I AM DIRECTED INTO A NEW PATH

The following morning, when we resumed our quiet way in the canoe, le pére Jean asked, “Well, my daughter, did any light come to you through the darkness?”

“No, my father, but I have found a little quiet.”

“That is much. Now I shall ask you to listen to me patiently, for I may say much with which you will not agree, but you will trust me that I only say that which I know to be best. We have every reason to believe a serious descent will be made on Louisbourg in the spring, so that, apart from any other reason, your presence in a town which will in all probability suffer a bombardment, would be unwise and undesirable in the last degree. You have no idea of what war actually means; it is a horror that would haunt you to your dying day.”

“But, my father, in that case I should at least be by his side. That in itself would mean everything to us both.”

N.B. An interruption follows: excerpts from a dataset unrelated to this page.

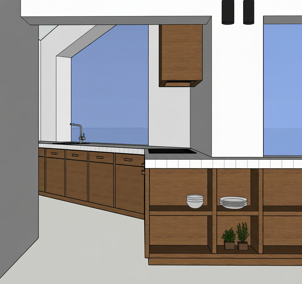 mediterranean revival exterior shot render a beautifully restored victorian style house with freshly painted olive green siding and pristine white trim the porch features rich oak wood accents and vibrant flowers in bloom the surrounding atmosphere is bright and inviting with a clear blue sky and lush evenly cut green grass a classic red stop sign and charming well maintained neighboring houses in pastel colors add to the picturesque setting architecture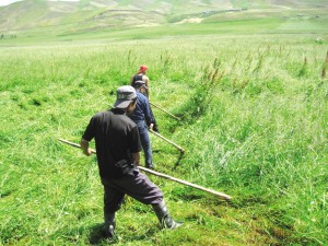上苏阿苏古遗迹背后的小山丘时,我们碰到了一家在这里打草的哈萨克族牧民。他们告诉我,“很久以前这里是有台阶的,可以走上去。而且以前墙就在这些草丛里,现在看不清楚了。”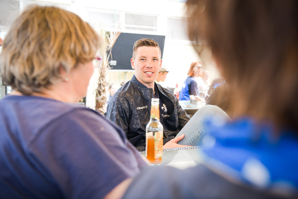 Nach getaner Arbeit und als Dankeschön für ihren tollen Einsatz lud Krombacher alle Teilnehmenden zum gemeinsamen Essen in die Lilienschänke ein. Als besonderer Höhepunkt schauten beim Get-together auch die Lilien-Profis Mathias Honsak, Christoph Zimmermann und Alexander Brunst vorbei und nahmen sich reichlich Zeit für angeregte Gespräche sowie Foto- und Autogrammwünsche.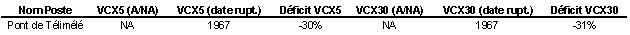 Les hautes-eaux ont subi une variation brutale de la moyenne en 1967. Les déficits enregistrés sont du même ordre de grandeur pour les VCX5 et VCX30, respectivement 30% et 31%.

“That is a point I had not intended to touch on, my daughter. I know the world. I know that men, banished to such exile as that in which M. de Maxwell has lived, change much with the years. Think how you have changed yourself, in happier surroundings than he has known. Think what new connections he may have formed. Did you never think that he—”

“Oh, my father, what would you tell me? Do you know M. de Maxwell?”

“I have never been in Louisbourg,” he answered, somewhat coldly, as if my earnestness had hurt him.

“But you do not mean that he may be married?”

“He may be. It would surely not be unnatural.”